執筆業をやっていると、たまに書きたくてたまらないというときが訪れる。
これを伝えなければ…この人のことを知ってほしい…など動機は様々だが、そんな瞬間と出会えることは大きな幸せだ。
映画『ファーストキス 1ST KISS』(以下、『ファーストキス』と表記)を鑑賞すると、そんな気持ちでいっぱいになった。記事を書く必要がないにせよ、きっと多くの人が近い感情を抱いたのではないだろうか。
松村北斗がすごすぎる、と。
昨年に公開された映画『夜明けのすべて』(2024)で彼の俳優としてのとてつもないポテンシャルを理解していたはずなのに、映画館を出た後に感嘆の声を上げずにはいられなかった。

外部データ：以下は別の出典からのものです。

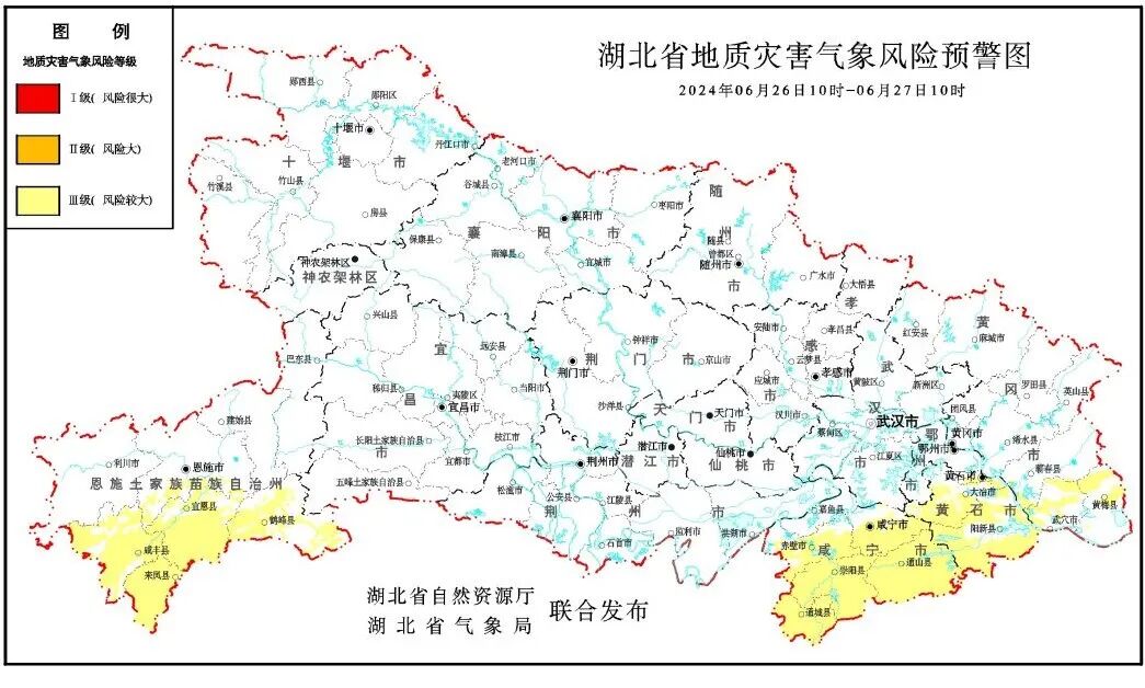 2024年6月26日10时—6月27日10时,预计黄石地区,恩施(恩施市南部、咸丰、来凤、宣恩、鹤峰)、咸宁(咸安区、赤壁、崇阳、通城、通山)、黄冈(蕲春西南部、武穴、黄梅),以及其他强降水区域发生崩塌、滑坡、泥石流的风险较大。

『ファーストキス』は、脚本が『花束みたいな恋をした』の坂元裕二、監督は『ラストマイル』(2024)の塚原あゆ子と、業界を代表する2人がタッグを組み、タイムトラベルを中心に物語が展開していく。
舞台美術の仕事をしている主人公・硯カンナ(松たか子)は、事故で亡くなる夫の駈(松村北斗)を救うためタイムトラベルに幾度も挑戦していく。行けるのは、決まって15年前の夏。過去に与えたことが現在にまで影響し、「未来は変えられる」ことを教えてくれるラブストーリーとなっている。